I think most of the above is tosh, but I have been listening to romantic politicians of both left and right – from Enoch Powell to Tony Benn – making versions of it most of my life. As I told Carswell, I want him to keep on making it because it’s important that the system is always being challenged, so that it responds and adapts to rapid change more quickly than it otherwise might do.

He’s certainly not wrong to insist on the central importance of ideas to driving politics. British shoppers thought they got a good deal from Tesco and co until Aldi and Lidl came along (“I know they’re German… many good ideas come from abroad”) and shook them up.

Our Tweedle Dee and Tweedle Dum parties need the same shakeup and Ukip is the radical alternative to do the job, says Douglas, who cites energy policy, banking, trade, Europe and immigration (he’s not a basher) among those areas in need of fresh thinking.

Ok, if you say so. But I happened to read Ukip’s new health policy yesterday morning and it is not a radical document. Nigel Farage has retreated from his insurance-based NHS idea (hey, it’s unpopular), so Ukip is going to bash bad management and spend lots more of the money we will – in theory – save from leaving the EU. Job done.

Carswell goes further. He wants a parliament free from “being run by the whips”. That means more voter participation – in picking topics for debate and recalling MPs who misbehave – as well more power to the backbenches and open primaries, not small party cabals, to pick candidates.

Sarah Wollaston, the Totnes GP to MP selected that way in 2010, is a fine example of independence, he says. So the Tories dropped the idea (the open anyone-can-vote primary did cost them £40,000, Douglas). You get the picture. Carswell rejects the idea that “there is something authoritarian and illiberal” about Ukip.

He admires the Swiss constitution of 1848, which borrowed heavily from the then-fresh Jacksonian Democracy in the infant USA, and thinks the elections for police complaints commissioners (PCCs) will be less of a disappointing exercise in participatory democracy next time, especially if they are not held in November and dominated by party candidates.

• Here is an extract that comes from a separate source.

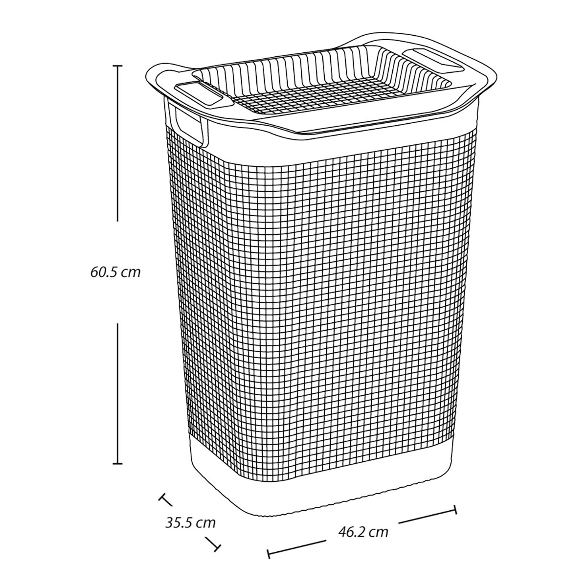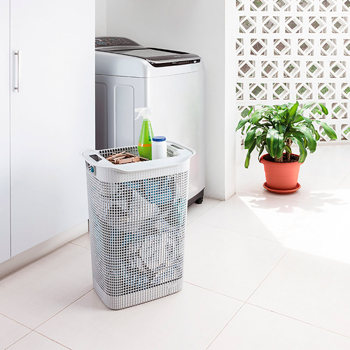 | Características | Cesta para Ropa Linum con tejido imitación lino y textura mate. Tapa con espacio para organizar accesorios o prendas pequeñas. Manijas ergonómicas y capacidad de 51 litros. Los colores de vanguardia que van con el estilo de tu hogar. |

New technology will help. It helps break the “priesthood of the pundits” – he means Fleet Street – and its stranglehold on the agenda. It lowers entry (and printing) costs, allows new parties to crunch voter data at local level in a smarter way than the granular approach favoured by overpaid, Obama-ite US consultants whom the big parties hire. He means you Jim Messina ( Tories) and David Alexrod (Labour).

Fascinating stuff and useful, some of it. But what prompted me to speak from the back of the room was the obvious fact that the 2015 election looks set to deliver what Carswell wants without him appearing to notice.

It’s most unlikely we will vote for a majority government, so there will be another coalition or a minority government, fragile and potentially unstable – at the mercy of small parties and events. The whips’ power of patronage will atrophy along with much else.

The “breath of fresh air” school will welcome this as the harbinger of future change. Clever Raphael Behr has a Guardian column today arguing that electoral reform – voters rejected it in the 2011 referendum – is the answer, though when I look at the grand-coalition politics so common in Germany or the dire choices facing Israel in its coming election I do wonder why. If Bibi Netanyahu is the answer, someone is surely asking the wrong question.

I left the Carswell talk holding contradictory thoughts. It’s always good to hear a notably sincere MP thinking outside familiar boxes, though it’s hard to imagine Nigel Farage enjoying Carswell’s thoughts as much as I did.

But his performance also resonated with bright-eyed inexperience at a dangerous time in our affairs when experience counts. Look how clumsily ministers have handled the Ukraine crisis.

Ah, you may say, decades of experience didn’t stop Jack Straw and Malcolm Rifkind making themselves look shabby and greedy in the Daily Telegraph/Channel 4 sting. No, it didn’t, I have to concede. Nor did it prevent the Iraq war of 2003. All good points, but it is a basic error to say: “It couldn’t be worse.” It usually can be.